■ **TASK REQUIREMENTS**:
Transcribe every entry word for word, but skip the images.

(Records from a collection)
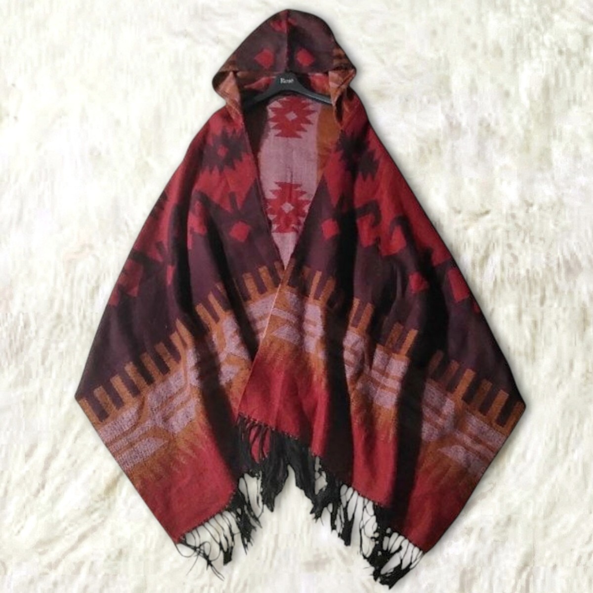 - ポンチョ ストール マフラー ケープ 総柄 パープル レッド 個性的 アジアン エスニック 防寒 フード 起毛 フリンジ アウトドア 秋冬
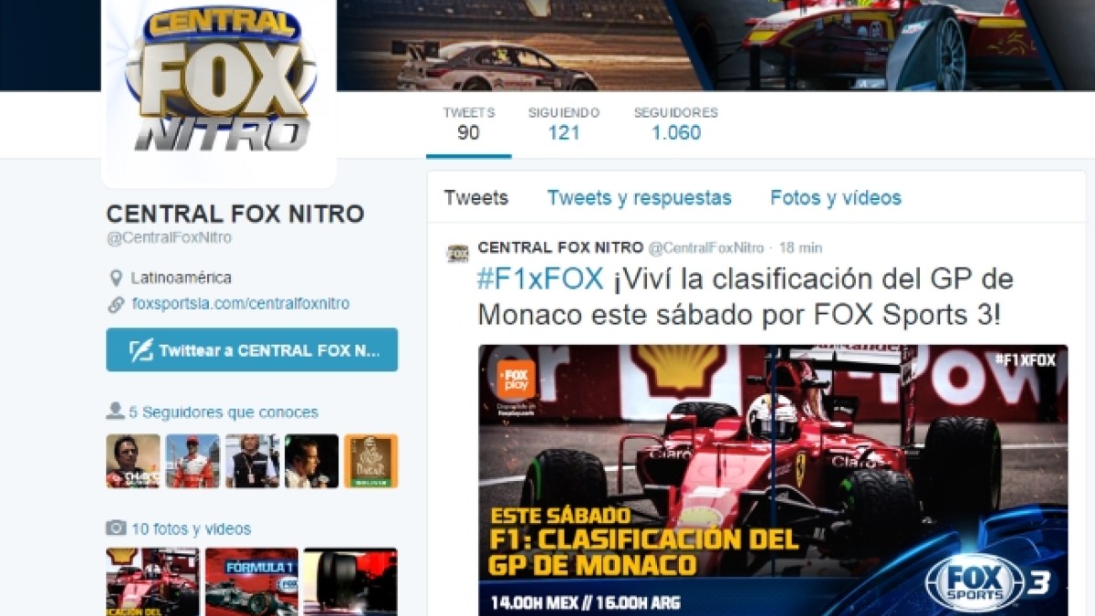 La programación de Fox Sports 3, y en especial toda la referida al automovilismo, tiene nuevas vías de comunicación. En Twitter, todos los fanáticos podrán seguir las últimas novedades en la cuenta @CentralFOXNitro y en la web www.foxsportsla.com/CentralFOXNitro estarán resúmenes de todas las categorías que televisa el canal.
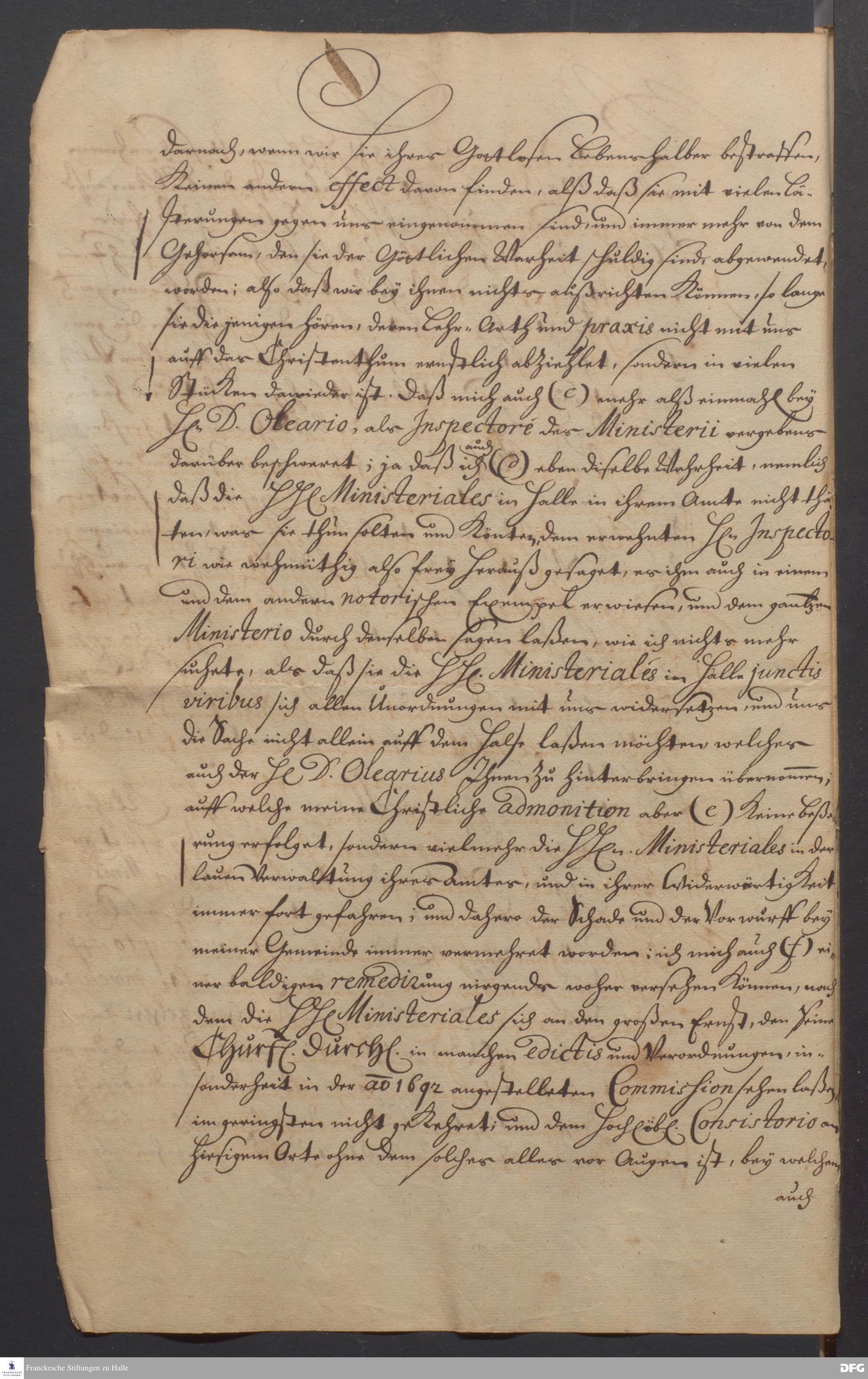Brief von August Hermann Francke an die kurfürstlich brandenburgische Regierung und das Konsistorium Magdeburg.
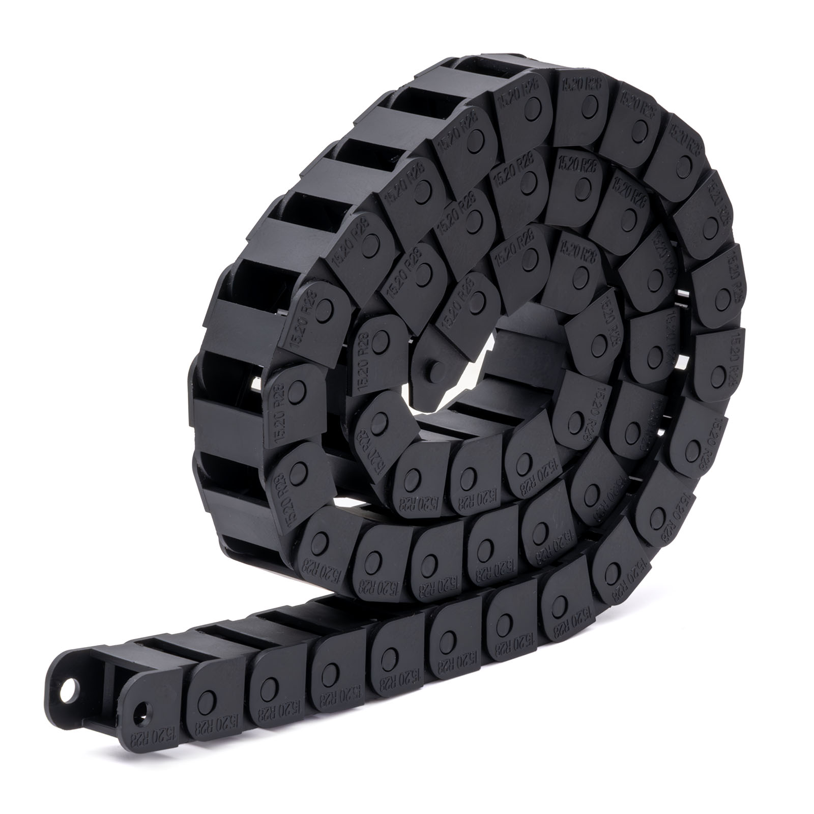 Кабельная цепь(кабель-канал) из негорючего черного нейлона, вид: открытый, внутреннее сечение 15х20 мм.
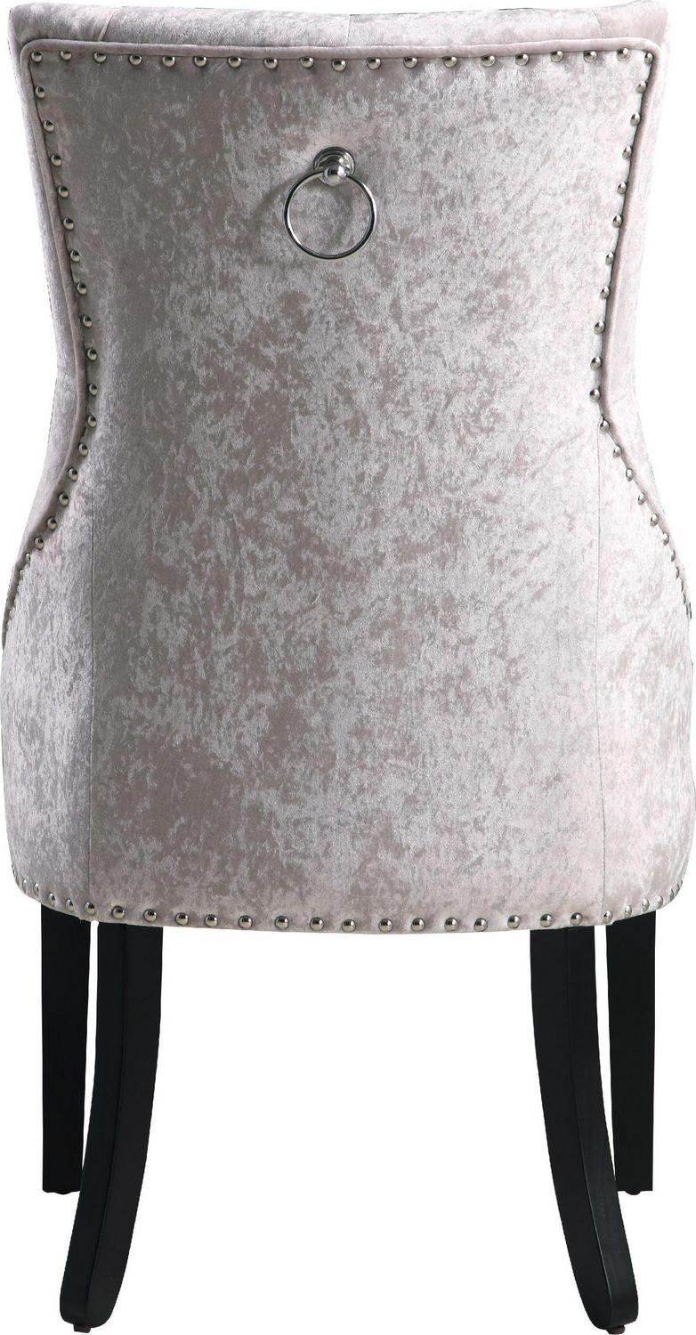 This is an updated interpretation of a classic dining chair. Design details abound from a gently sculpted solid-wood frame, upholstered beautifully in luxurious velvet with all-around nailhead trim. Dark espresso finished legs and a decorative nickel pull on the back complete the refined look that will complement a dining table or living area. The digital images we display have the most accurate color possible. However, due to differences in computer monitors, we cannot be responsible for variations in color between the actual product and your screen.
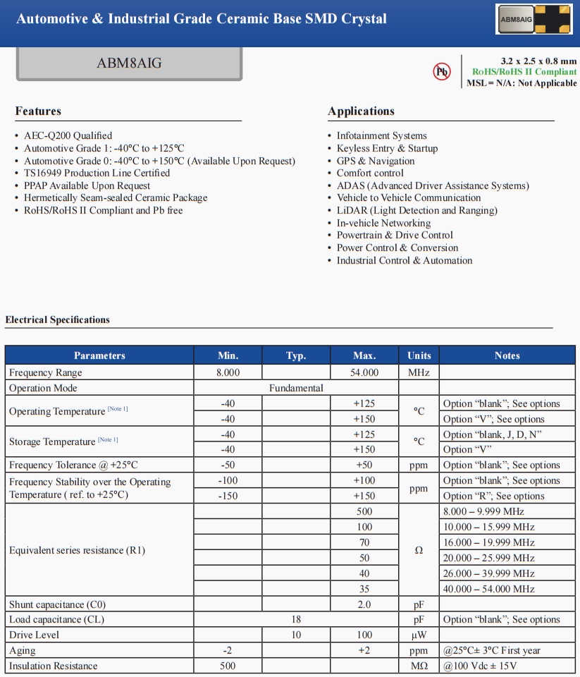 ABM8AIG-12.288MHZ-12-2-T3進口晶振,Abracon進口3225晶振,ABM8AIG汽車動力總成晶振,美國Abracon晶振公司,艾博康晶振,ABM8AIG晶振,ABM8AIG-12.288MHZ-12-2-T3晶振,進口晶振,無源晶振,美國晶振,高品質晶振,低損耗晶振,高精度晶振,3225晶振,四腳晶振,石英晶體,貼片晶振。AEC-Q200合格,汽車等級1:-40°C至+125°C,汽車等級0:-40°C至+150°C(可根據(jù)要求提供),TS16949生產(chǎn)線認證,PPAP可根據(jù)要求提供,密封密封陶瓷封裝,符合RoHS/RoHS II標準且不含鉛,信息娛樂系統(tǒng),無鑰匙進入和啟動,GPS和導航,舒適控制,ADAS(高級駕駛輔助系統(tǒng)),車對車通信,激光雷達(光探測和測距),車載網(wǎng)絡,動力總成和驅動控制,電源控制和轉換,工業(yè)控制和自動化
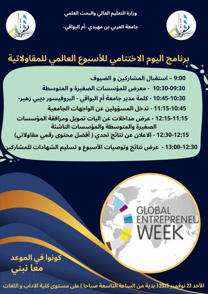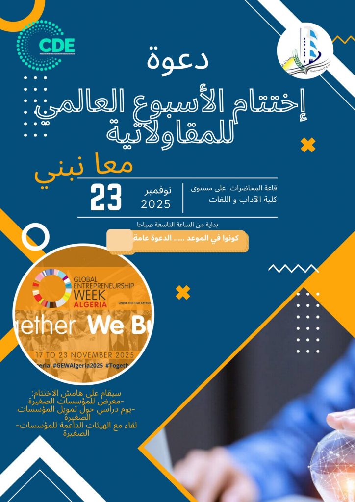 – مناسبة اختتام الاسبوع العالمي للمقاولاتية; والمزمع تنظيمه يوم الاحد 23 نوفمبر 2025 على مستوى كلية الاداب واللغات ( بداية من التاسعة صباحا).
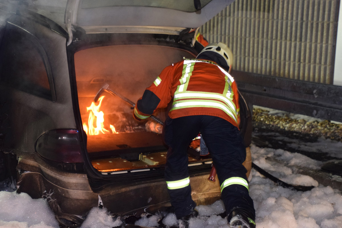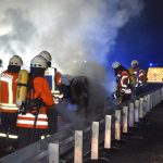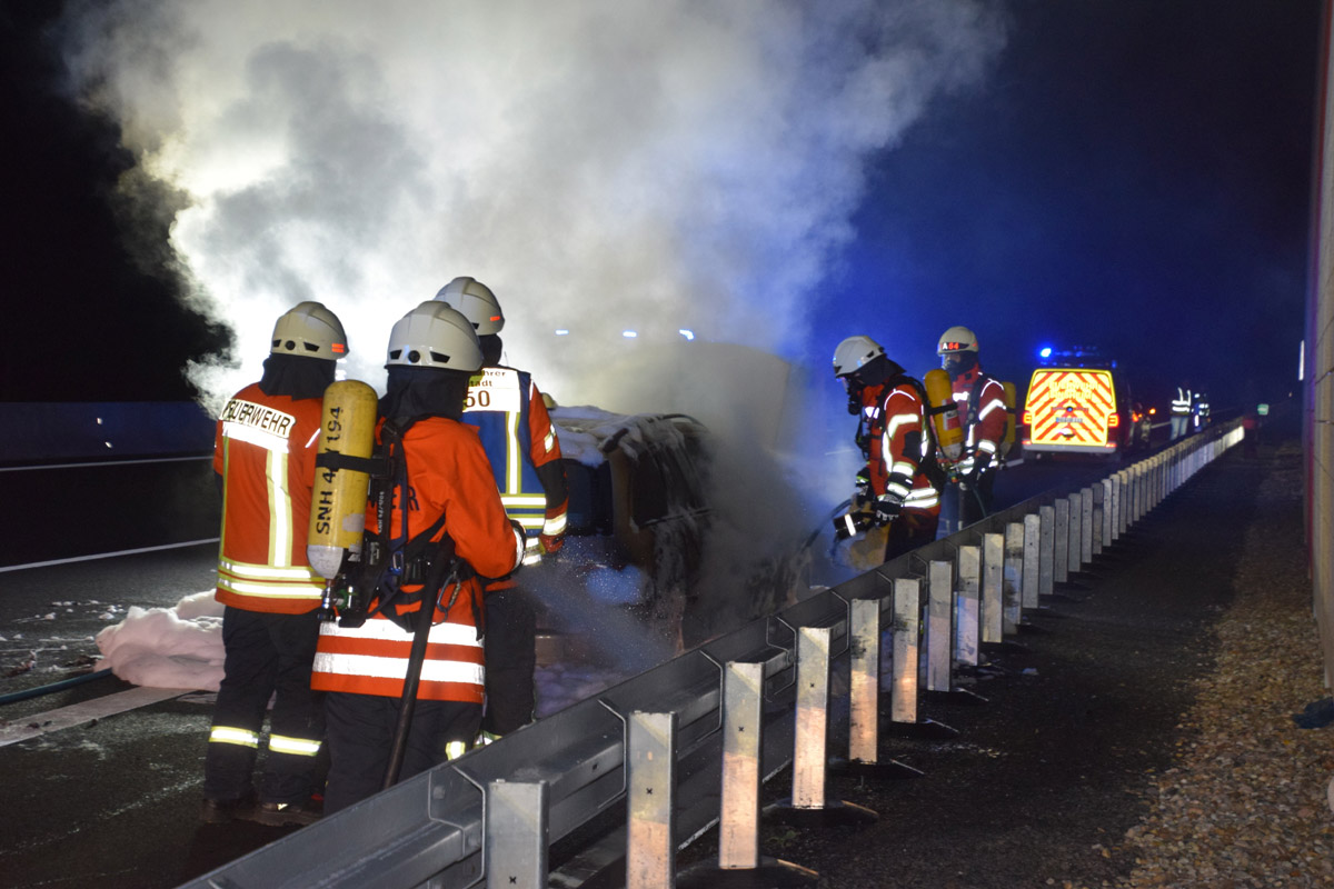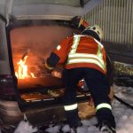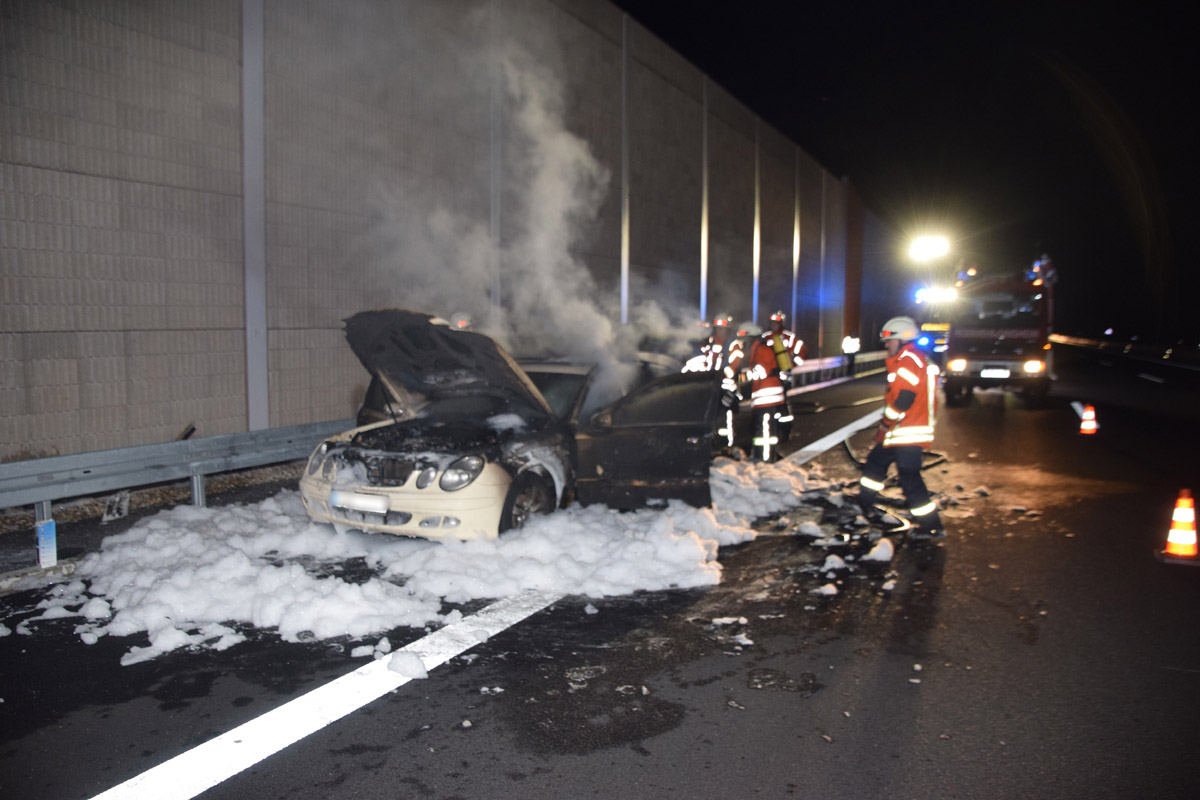A6/Sinsheim. (red) Glücklicherweise ohne Verletzte blieb ein Fahrzeugbrand vergangene Samstagnacht auf der A 6. Der Fahrer eines Sinsheimer Taxiunternehemns hatte gegen 23.20 Uhr die Autobahn zwischen den Anschlussstellen Sinsheim und Wiesloch/Rauenberg in Richtung Mannheim befahren, als sein Wagen plötzlich zu qualmen und schließlich zu brennen beginnt. Der Mann handelt geistesgegenwärtig und steuert auf den Standstreifen. Dort angekommen verlassen er und seine drei Fahrgäste den Wagen und retten sich hinter die Leitplanke. Die Freiwillige Feuerwehr Sinsheim war schnell mit vier Fahrzeugen vor Ort und legte einen Schaumteppich um den in Vollbrand stehenden Wagen. Die Nachlöscharbeiten dauerten bis gegen 00.30 Uhr an. Während der Lösch- und Bergungsarbeiten musste der rechte Fahrstreifen gesperrt werden.

■ **WRITTEN RESPONSE**:
 - ポンチョ ストール マフラー ケープ 総柄 パープル レッド 個性的 アジアン エスニック 防寒 フード 起毛 フリンジ アウトドア 秋冬
 La programación de Fox Sports 3, y en especial toda la referida al automovilismo, tiene nuevas vías de comunicación. En Twitter, todos los fanáticos podrán seguir las últimas novedades en la cuenta @CentralFOXNitro y en la web www.foxsportsla.com/CentralFOXNitro estarán resúmenes de todas las categorías que televisa el canal.
Brief von August Hermann Francke an die kurfürstlich brandenburgische Regierung und das Konsistorium Magdeburg.
 Кабельная цепь(кабель-канал) из негорючего черного нейлона, вид: открытый, внутреннее сечение 15х20 мм.
 This is an updated interpretation of a classic dining chair. Design details abound from a gently sculpted solid-wood frame, upholstered beautifully in luxurious velvet with all-around nailhead trim. Dark espresso finished legs and a decorative nickel pull on the back complete the refined look that will complement a dining table or living area. The digital images we display have the most accurate color possible. However, due to differences in computer monitors, we cannot be responsible for variations in color between the actual product and your screen.
 ABM8AIG-12.288MHZ-12-2-T3進口晶振,Abracon進口3225晶振,ABM8AIG汽車動力總成晶振,美國Abracon晶振公司,艾博康晶振,ABM8AIG晶振,ABM8AIG-12.288MHZ-12-2-T3晶振,進口晶振,無源晶振,美國晶振,高品質晶振,低損耗晶振,高精度晶振,3225晶振,四腳晶振,石英晶體,貼片晶振。AEC-Q200合格,汽車等級1:-40°C至+125°C,汽車等級0:-40°C至+150°C(可根據(jù)要求提供),TS16949生產(chǎn)線認證,PPAP可根據(jù)要求提供,密封密封陶瓷封裝,符合RoHS/RoHS II標準且不含鉛,信息娛樂系統(tǒng),無鑰匙進入和啟動,GPS和導航,舒適控制,ADAS(高級駕駛輔助系統(tǒng)),車對車通信,激光雷達(光探測和測距),車載網(wǎng)絡,動力總成和驅動控制,電源控制和轉換,工業(yè)控制和自動化
 – مناسبة اختتام الاسبوع العالمي للمقاولاتية; والمزمع تنظيمه يوم الاحد 23 نوفمبر 2025 على مستوى كلية الاداب واللغات ( بداية من التاسعة صباحا).
A6/Sinsheim. (red) Glücklicherweise ohne Verletzte blieb ein Fahrzeugbrand vergangene Samstagnacht auf der A 6. Der Fahrer eines Sinsheimer Taxiunternehemns hatte gegen 23.20 Uhr die Autobahn zwischen den Anschlussstellen Sinsheim und Wiesloch/Rauenberg in Richtung Mannheim befahren, als sein Wagen plötzlich zu qualmen und schließlich zu brennen beginnt. Der Mann handelt geistesgegenwärtig und steuert auf den Standstreifen. Dort angekommen verlassen er und seine drei Fahrgäste den Wagen und retten sich hinter die Leitplanke. Die Freiwillige Feuerwehr Sinsheim war schnell mit vier Fahrzeugen vor Ort und legte einen Schaumteppich um den in Vollbrand stehenden Wagen. Die Nachlöscharbeiten dauerten bis gegen 00.30 Uhr an. Während der Lösch- und Bergungsarbeiten musste der rechte Fahrstreifen gesperrt werden.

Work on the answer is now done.